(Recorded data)
__________

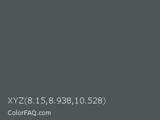 XYZ 8.15,8.938,10.528 Color is a normal cyan color and the nearest color is Abbey #4c4f56. Hex code #4d5658 and RGB value is rgb(77,86,88). In RGB color space, this color is composed of 30% red, 34% green, 35% blue, In CMYK color space, this color is composed of 13% cyan, 2% magenta, 0% yellow , 65% black , In HSL color space, this color has a hue angle of 191° , 7% saturation and 32% lightness.
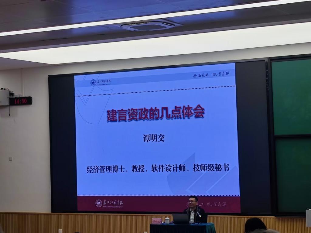 讲座中,谭明交教授以其深厚的学术底蕴和敏锐的政治洞察力,为在座的教师们描绘了一幅建言资政的宏伟蓝图。他从国家发展大局出发,深入剖析了建言资政的重要性和紧迫性,并围绕“国家需要资政”这一核心议题,详细阐述了党员教师在这一过程中的独特作用和使命担当。谭教授指出,作为新时代的教师,不仅要精通专业知识,更要具备高度的政治敏锐性和社会责任感,勇于担当、敢于发声,为党和政府建言献策,为社会发展贡献智慧和力量。
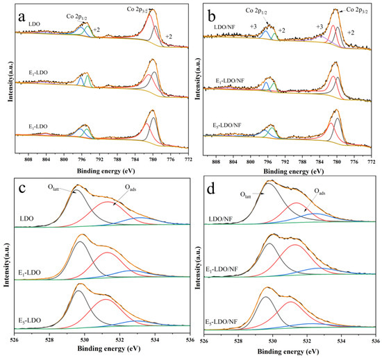 XPS spectra of the (a) Co 2p core level of LDO and EX-LDO (X = 1, 5); (b) Co 2p core level of LDO/NF and EX-LDO/NF (X = 1, 5); (c) O1s core level of LDO and EX-LDO (X = 1, 5); and (d) O1s core level of LDO/NF and EX-LDO/NF (X = 1, 5).
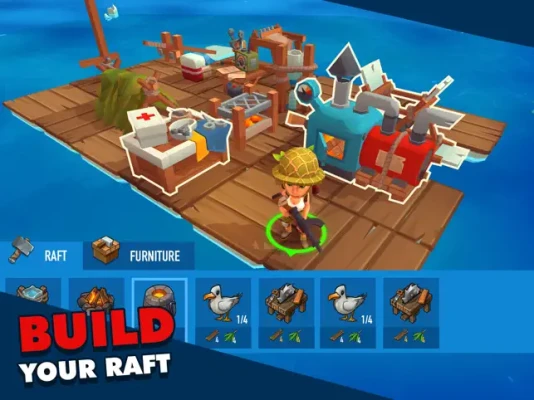 Build your raft, collect resources from the ocean and islands, craft vital items and equipment using the advanced crafting system and find unique recipes on islands. Become a real survivor!
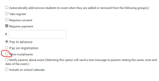 Instalment events allow parents the option to pay in chunks instead of the whole sum at once. The setup of these events are very similar to the standard events but will need the following box ticked under the event setup.
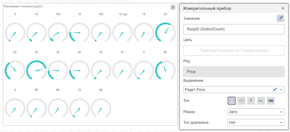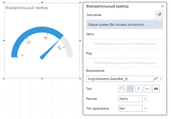 Например, в поле Значение измерительного прибора перетянут из Словаря данных вопрос «Какую сумму вы готовы заплатить?» и в Выражении указано вывести среднее значение (Avg), то без указания рядов будет отображен один графический элемент, значением которого в данном случае будет равняться среднему значению суммы в 46,99 рублей.
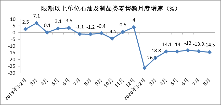 1-8月份,限额以上单位石油及制品类零售额实现10702亿元,同比下降17.3%,降幅较1-7月份收窄0.5个百分点。其中8月份石油及制品零售额同比下降14.5%,降幅环比扩大0.6个百分点。
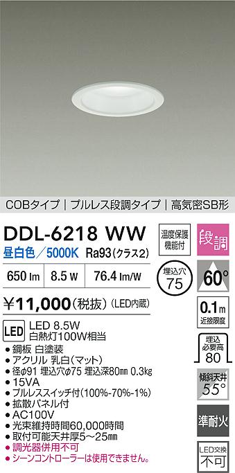 DAIKO 大光電機 LEDダウンライト DDL-6218WW
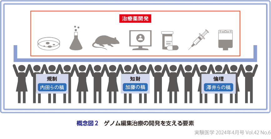 さらに,PartⅡ「社会実装にむけた課題とその解決法」(概念図2)として,内田先生らの稿では,内田恵理子先生,山下拓真先生,山本武範先生,井上貴雄先生に,ゲノム編集治療に関する国内の規制整備の現状について解説していただいた.「治験」と「臨床研究」の2つの臨床試験を実施するうえでの規制の違いや,「in vivo」と「ex vivo」ゲノム編集治療の規制の違いをわかりやすくまとめていただいている.さらに,ゲノム編集治療で求められる品質・安全性評価についても言及いただいた.加藤先生の稿では,ゲノム編集技術の知財戦略について概説していただいた.基本特許と改良特許,さらに世界と国内のゲノム編集技術に関する知財の現状を紹介いただき,今後の知財戦略の方向性にも言及いただいた.澤井先生らの稿では,澤井努先生,片岡雅知先生,金子未穂先生に,ゲノム編集技術の倫理やガバナンスについて解説いただいた.2023年に3回目の開催を迎えたヒトゲノム編集国際サミットの様子を紹介いただきつつ,研究・医療目的でのヒトゲノム編集に伴う倫理的課題,市民参画の動向と展望,今後の倫理・ガバナンスにおける方向性について言及いただいた.
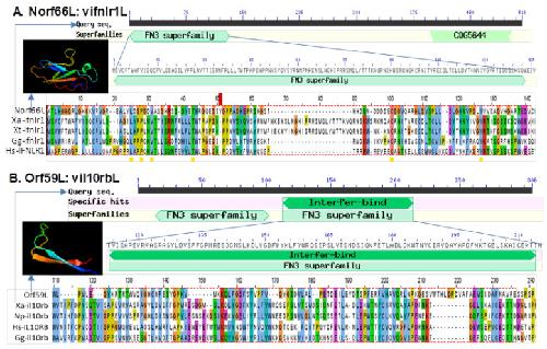 Figure 9. Detection of fibronectin type 3 domain (FN3) conserved in the IFN receptors of several FV3 hypothetical proteins, which are potential virus-coding molecular mimics able to interfere with the host antiviral interferon signaling. (A) Norf66L ascribes a novel open reading frame (Norf), which spans the 59,162–60,037 nt region of the negative strand of the FV3 reference genome and encodes a hypothetical protein of 291 AA. It contains an FN3 domain (residue 121–230 AA) similar to vertebrate interferon lambda receptor 1 (ifnlr1) isoforms regarding the sequence similarity and β-sheet containing structure. (B) Orf59L refers to FV3orf59L spanning the 65,956–67,014 nt region on the negative strand of the FV3 genome and encodes a hypothetical protein of 352 AA. It contains an FN3 domain region at 108–203 AA and is molecularly similar to that of Xenopus IL-10 receptor beta unit (il10rb). The full-length sequences of the predicted hypothetical ORF/proteins are provided in File S1. The collective information of other IFN-interfering, domain-containing proteins and GenBank accession numbers of the aligned protein sequences are listed in Table 1. The protein domain analyses were queried and extracted using the NCBI CDD database, the tertiary structures were simulated using Phyre2 and PyMol programs, and sequence alignments and view were simulated with a Jalview program. |
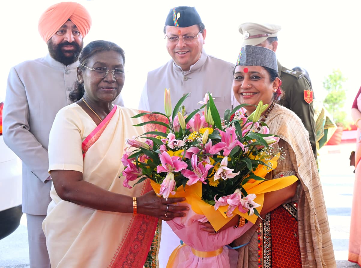 महामहिम राष्ट्रपति द्रौपदी मुर्मू के विधानसभा आगमन पर राज्यपाल ले.ज. गुरमीत सिंह (से.नि.), विधानसभा अध्यक्ष ऋतु खण्डूड़ी भूषण, मुख्यमंत्री पुष्कर सिंह धामी, कैबिनेट मंत्री सुबोध उनियाल तथा नेता प्रतिपक्ष यशपाल आर्य ने पुष्पगुच्छ भेंट कर उनका अभिनंदन किया।
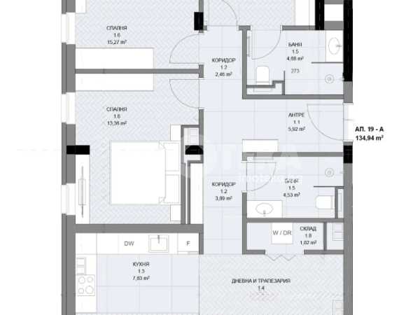 Многостаен апартамент със следното разпределение: коридор, дневна с кухненски бокс, три спални , две бани с тоалетна и две тераси.
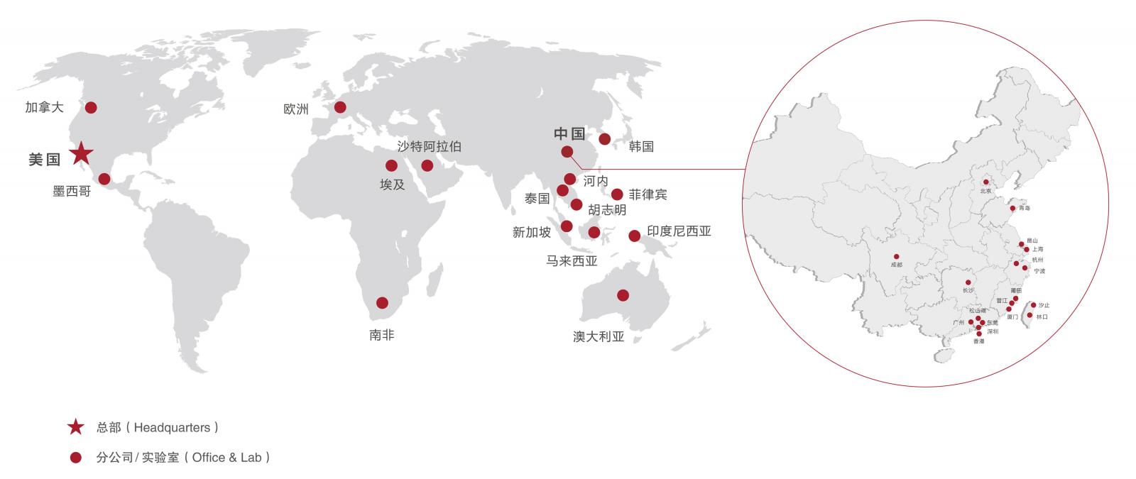 BACL全球拥有员工2000多人,在美国,加拿大,欧洲,韩国,拉美,中东,非洲,中国台湾等四十多个国家和地区拥有实验室和服务网点,可以为您出海提供有力的支持。

__________

WHAT YOU SHOULD DO
Please transcribe exactly the part of the records that opens with the line containing "Build your raft, collect" and closes with the line containing "Instalment events allow", both ends included, and leave out the pictures.

SOLUTION TO THE PROBLEM
 Build your raft, collect resources from the ocean and islands, craft vital items and equipment using the advanced crafting system and find unique recipes on islands. Become a real survivor!
 Instalment events allow parents the option to pay in chunks instead of the whole sum at once. The setup of these events are very similar to the standard events but will need the following box ticked under the event setup.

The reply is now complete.